## Task description
Below are entries; repeat exactly, and nothing else, the lines from the one holding "Candy hoodie sweatshirt" through the one holding "当然,品质是相当难搞的,积少", inclusive. Leave the pictures out.

## Data records
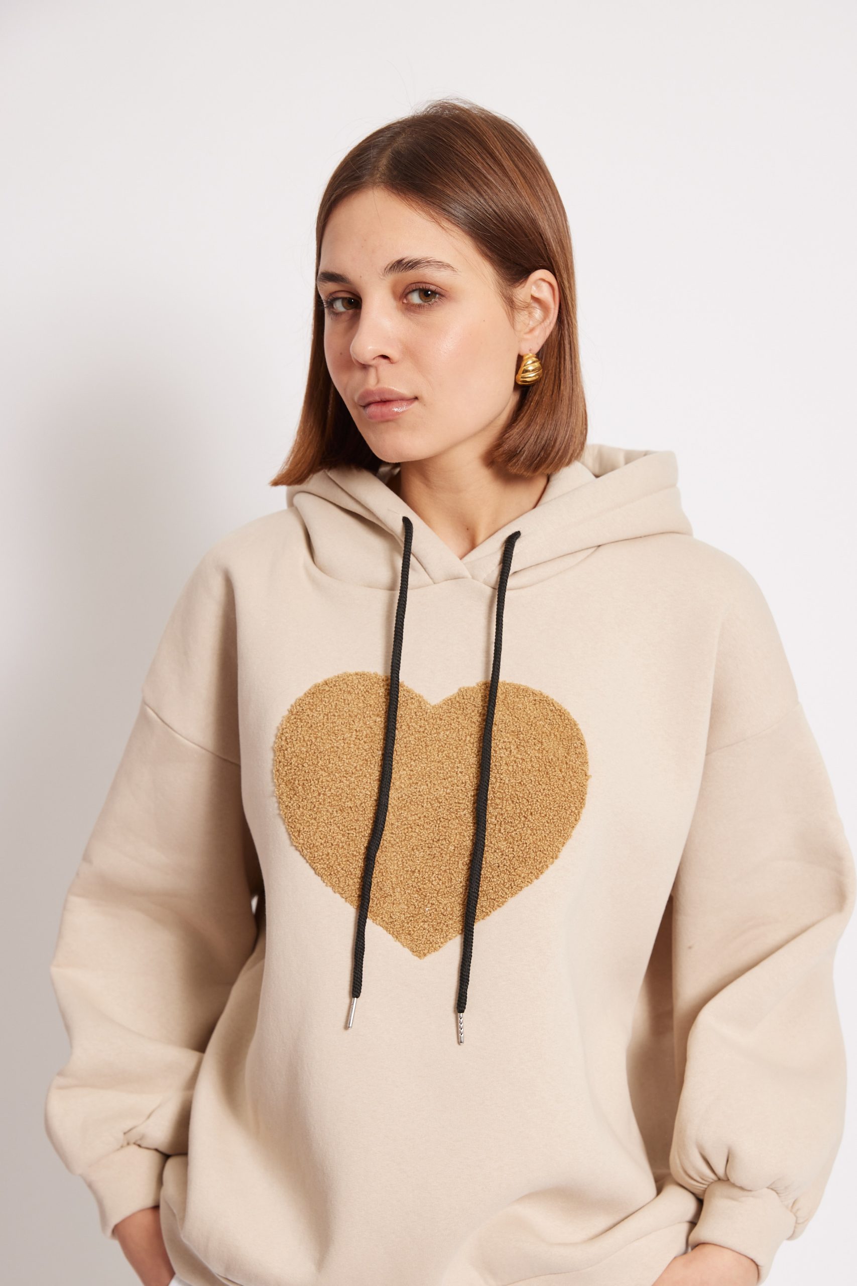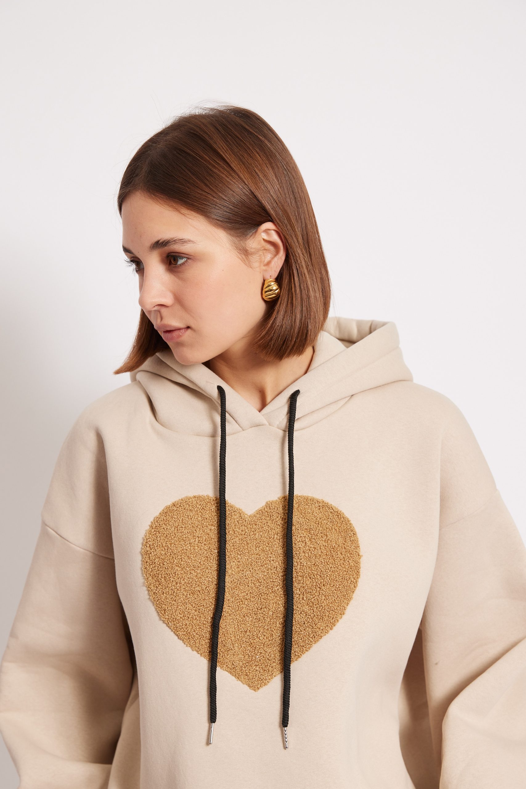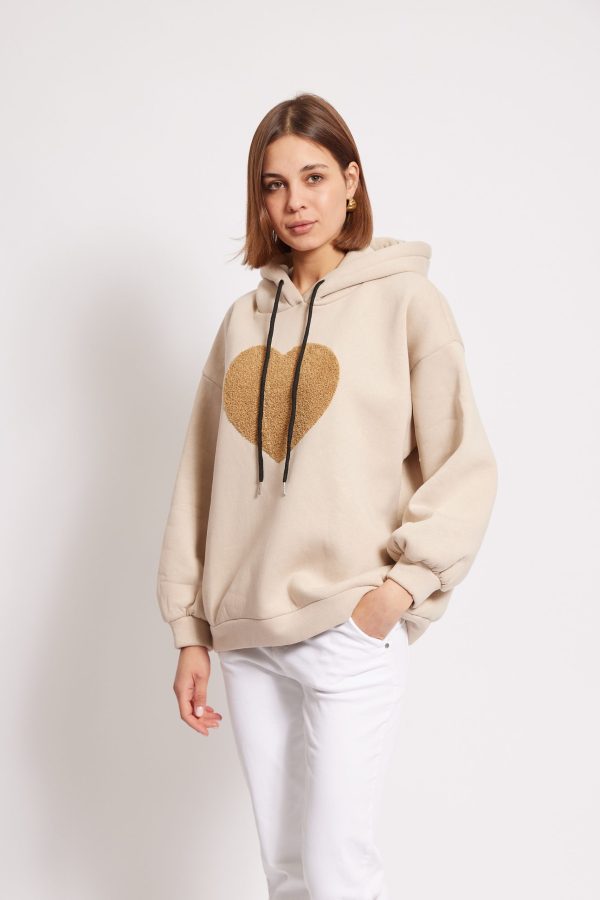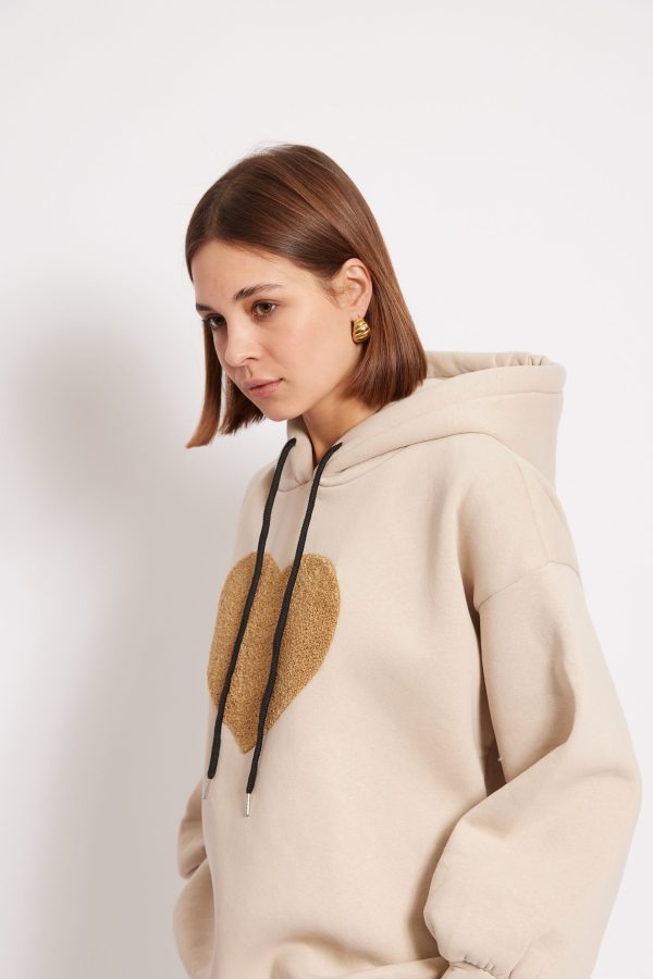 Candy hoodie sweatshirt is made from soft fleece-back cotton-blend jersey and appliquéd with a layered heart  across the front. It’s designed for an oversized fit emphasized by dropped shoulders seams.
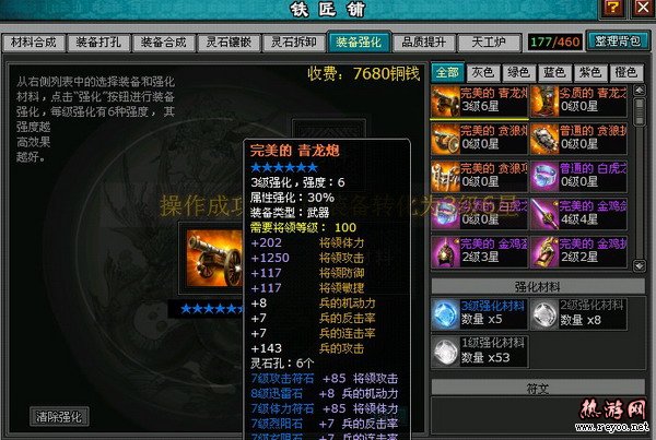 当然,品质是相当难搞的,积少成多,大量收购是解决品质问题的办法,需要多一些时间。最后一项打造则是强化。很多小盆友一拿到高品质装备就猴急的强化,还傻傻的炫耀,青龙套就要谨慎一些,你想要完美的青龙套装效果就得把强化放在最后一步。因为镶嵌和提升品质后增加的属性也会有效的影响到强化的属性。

==

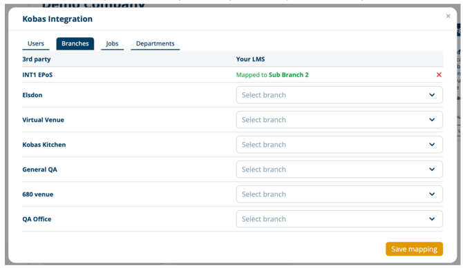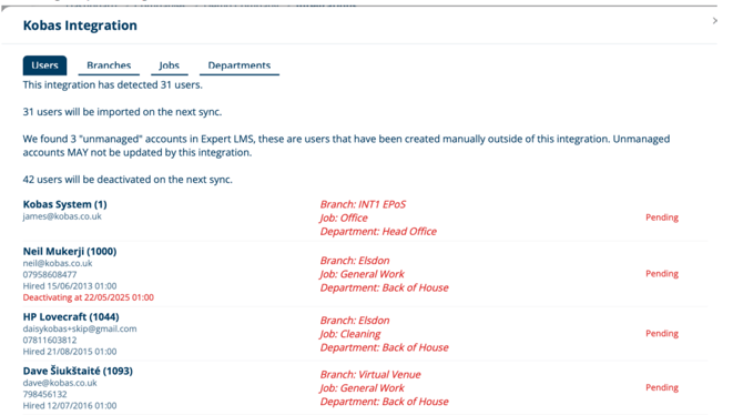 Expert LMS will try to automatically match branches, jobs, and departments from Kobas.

==

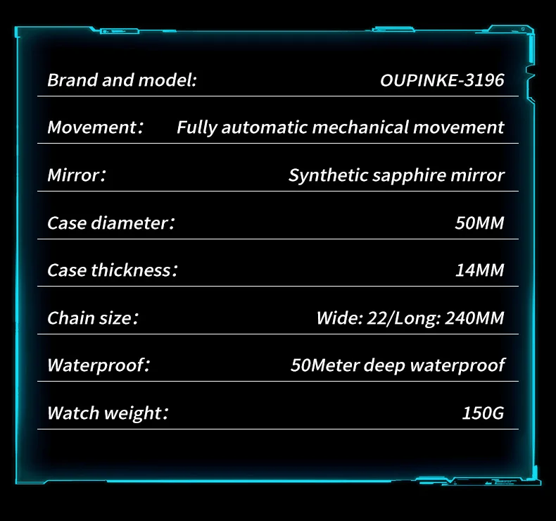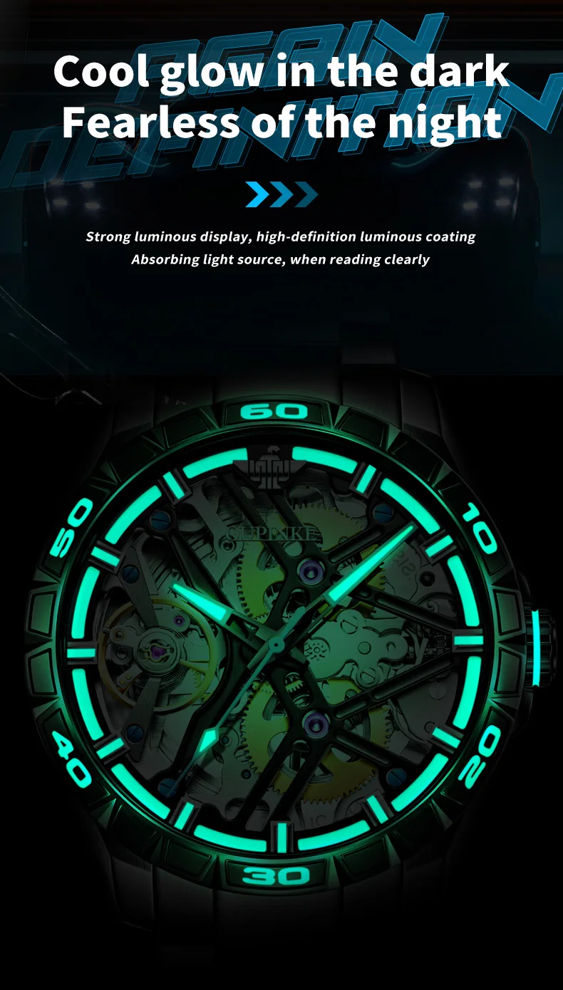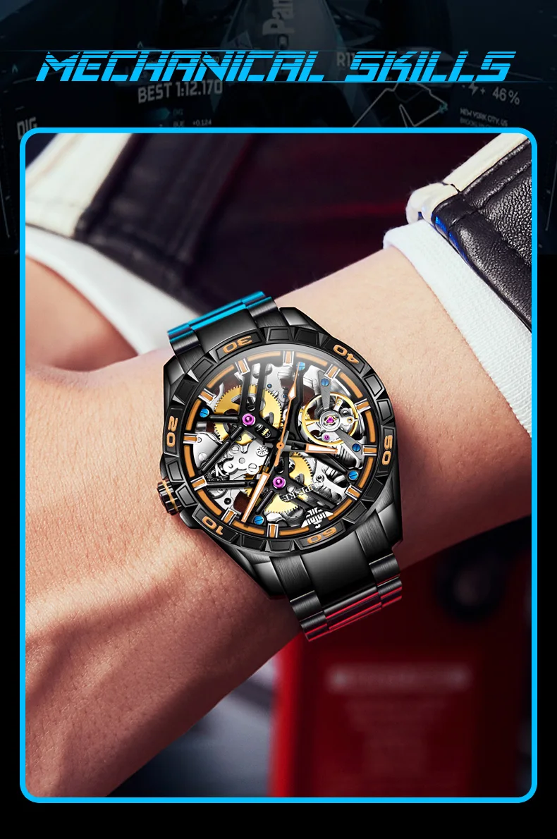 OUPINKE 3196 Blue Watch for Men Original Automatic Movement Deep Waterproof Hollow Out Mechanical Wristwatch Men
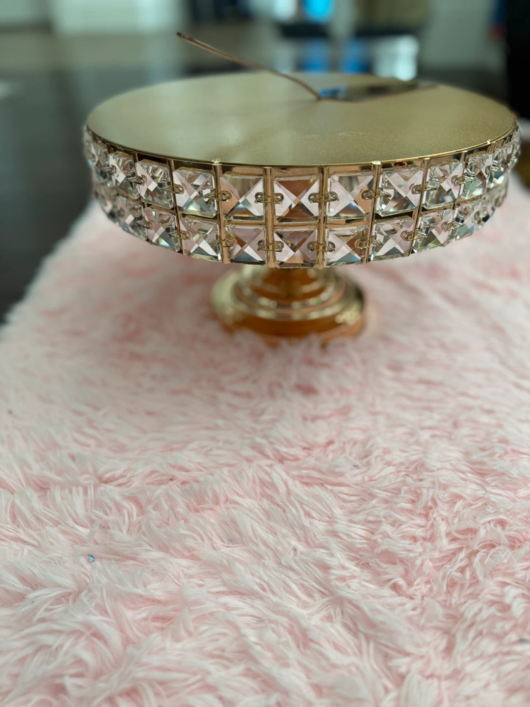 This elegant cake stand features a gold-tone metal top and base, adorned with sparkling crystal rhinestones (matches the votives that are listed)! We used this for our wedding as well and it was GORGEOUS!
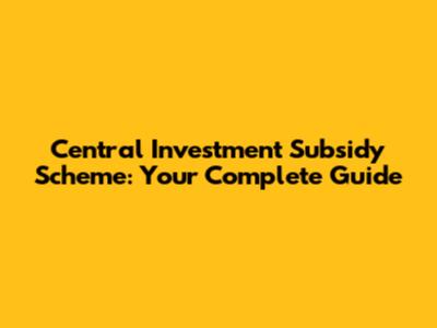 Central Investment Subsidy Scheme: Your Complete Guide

## Reply to the task
 Candy hoodie sweatshirt is made from soft fleece-back cotton-blend jersey and appliquéd with a layered heart  across the front. It’s designed for an oversized fit emphasized by dropped shoulders seams.
 当然,品质是相当难搞的,积少成多,大量收购是解决品质问题的办法,需要多一些时间。最后一项打造则是强化。很多小盆友一拿到高品质装备就猴急的强化,还傻傻的炫耀,青龙套就要谨慎一些,你想要完美的青龙套装效果就得把强化放在最后一步。因为镶嵌和提升品质后增加的属性也会有效的影响到强化的属性。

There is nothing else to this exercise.